By the end of 1999, Keith turned his evening passion into Advantage Industries. He started offering application development and IT services to clients and helping them improve and grow their business. Client by client, his business expanded. As the company grew, Keith asked his wife if he should keep it small, as planned, or let it grow. “We decided to go for it,” he says. “We hired employees one, two, three, and we really started to build a business.” But this time, he was building a business around his and his wife’s shared family values rather than trying to fit his family into an unforgiving schedule.
Soon, a nine-person team from Advantage was in Mississippi, writing software for grants management in the aftermath of Hurricane Katrina and software programs for national lenders and title companies, some of which ran for more than two decades. “In my earlier industries, we did not have clients continually using our services–only once every few years,” he explains. “But at Advantage Industries, we were always doing things that helped the clients and provided lasting value.”

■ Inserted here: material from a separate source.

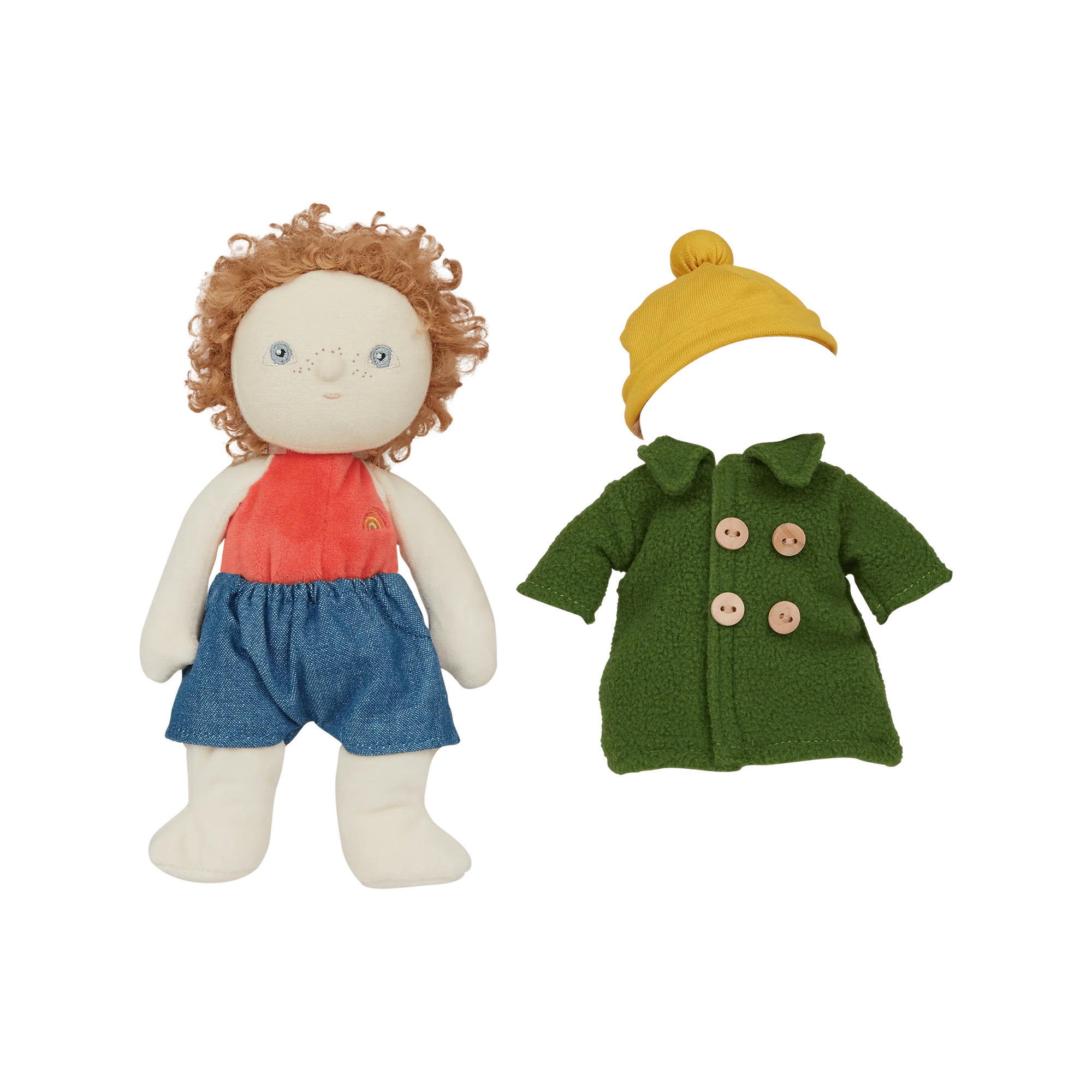 Dressed in a cheery yellow beanie and buttoned-up green trench coat, Charlie Chestnut is ready to dive into a world of make-believe! Will he lead a parade of Dinky's through the living room jungle, search for hidden treasures beneath the cushions, or dream up his next grand escapade in the garden? Charlie turns every day into a chance for big adventures, Dress Me Dinky’s are where stories begin, and memories are made, one outfit at a time. Charlie's little wardrobe is full of big dreams.

As technology and the internet became more complex, he noticed his techs spent 50% more time supporting clients with network services. Keith made a strategic decision to create a greater workforce around managed services, and the MSSP side of the business became the organization’s flagship.
As technology advances and client needs continue to evolve and grow, Advantage Industries adds valuable core services like cybersecurity and compliance. “It seems like every couple of years, we’re adding another department to handle another area of technology for our clients,” he says.
As president of Advantage Industries, Keith finally achieved his career goal: instead of being just a one-time benefit to clients, he now offers clients valuable core services that are integral to their operations. That means adapting as tech evolves and ensuring he can provide what clients need to grow their businesses.
“We’re not just doing network infrastructure and cybersecurity; our mission is also operational efficiency and management vision,” he explains. “We’re providing our clients with business analysis and consultation and trying to help them find their operational pain points, which we then work to solve. When we take on a client, we can truly help them grow.”
“Our Place Is Right Here”
Today, Keith jokes that now that he’s older, he looks only 10 years into the future instead of 20. But the commitment he made to himself all those years ago–to build a life around family, health and providing enduring value to clients (maybe a bit of golf, too)–still rings true. At Advantage, he’s built a successful and meaningful life around family and developed his passion for technology in order to provide lasting, valuable service to clients in a way he could never fully realize in his early life and career.
Still, after three decades of entrepreneurship, Keith doesn’t believe he knows everything–no one on the Advantage team does. Being excellent means being willing to participate in lifelong learning. “It’s a continual journey that we’re all on to understand better who we are, how we work, and how we’re going to continuously provide value to our clients,” Keith says. “We genuinely enjoy supporting our clients as well as our employees and their families. We know our place in the world is right here.”